We'll look forward to seeing your patches, then ;-)
>> On Wed, Jun 19, 2013 at 9:48 AM, Szilárd Páll <szilard.pall at cbr.su.se> wrote:
>>> I do agree with you to a fairly large extent. However, most of the
>>> above workarounds are meant to support non-essential features, so
>>> either a warning (e.g. "skipping consitency check because CMake
>>> version <2.8.X") or in other cases a fatal error (e.g. "Insufficient
>>> CMake version for feature X") would be just fine instead of *
>>> hardcoded* very recent required version which would prevent users from
>>> building even if they don't use the feature which requires a late
>>> CMake version. Regarding points 2 and 3, those are good examples of
>>> minor feature additions which we could have chosen to ignore and stick
>>> to the legacy behavior, but we did not.
>> I think a huge advantage of requiring ~2.8.10 for 5.0 is that we have
>> way less combinations to tests. For optional features Jenkins doesn't
>> help, and having to test for things like the fftw-download >11
>> versions whether they all work correctly is a huge pain. Thus this
>> suggestion wouldn't help with reducing the testing work. One would
>> still need to test all versions to check whether they are working, so
>> that one could print the correct errors/warnings. So I prefer having
>> one common minimum required version for all of Gromacs cmake.

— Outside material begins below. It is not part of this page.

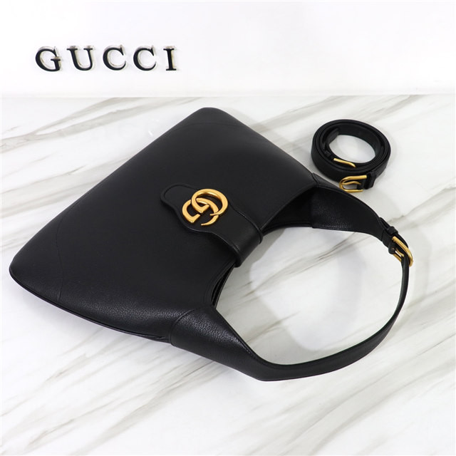 The Gucci Cosmogonie collection was presented against the backdrop of the historic Castel del Monte in Italy. The show brought together aesthetics from distant eras and geographies, and linked elements form the past with the present. This new crescent-shaped shoulder bag was shown on the runway and was inspired by the House’s archives, it is crafted in soft leather and features the Double G emblem—a code originally introduced in the 1970s.

> There are so many "grey zones" in the build system that are currently
> not covered by tests and that will likely never be. All I am
> advocating is to put a less restrictive cmake_minimum_required() in
> the code, but e.g. not claim that <v2.8.10 will always work
If we did that, then the rider would be that no code changes have to
worry about 2.8.10 compatibility, even to the extent of writing nice
error handling. In turn, that just makes more work answering queries
from users who are confused about why something mysteriously breaks.
Minimum requirements make life easier on the developers.
> - AFAIK
> there's anyway never been a clear statement of what version of
> software dependencies are "made sure that work" and to what extent.

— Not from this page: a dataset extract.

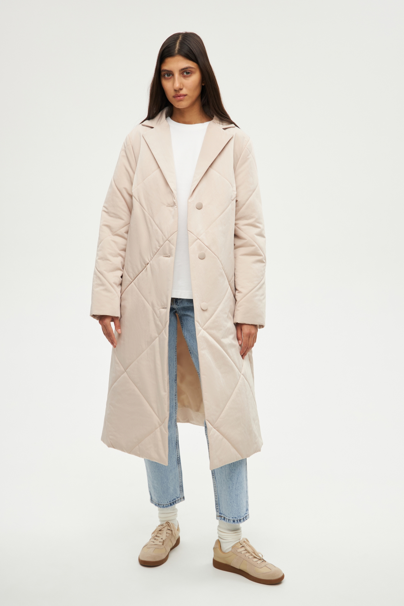 Стёганое однобортное пальто трапецивидного силуэта. Застёгивается на три пуговицы. Спереди - прорезные карманы с потайными молниями. Модель выполнена из плащёвой ткани на сверхтехнологичном утеплителе. Благодаря ему пальто очень лёгкое, воздушное и согреет вас в погоду от 0/-5°C до -10°C в зависимости от выбранной плотности утепления.

Yep, and supporting 11+ CMake versions will guarantee it never happens.
> I've seen overzealous software restrictions backfire and it would be
> good to avoid that, e.g. tons of users got annoyed by the lagging gcc
> support in CUDA and many (including me) simply edit the "offending"
> line of source code (in this case an #if GCC_VERSION > FOO) instead of
> complying with the restriction.
Installing a new version of CMake is in a totally different ballgame.
Kitware has a strong interest in keeping that process easy ;-) Any
CMake requirement GROMACS makes is not necessarily a one-time thing
for the user. Other software can use that CMake!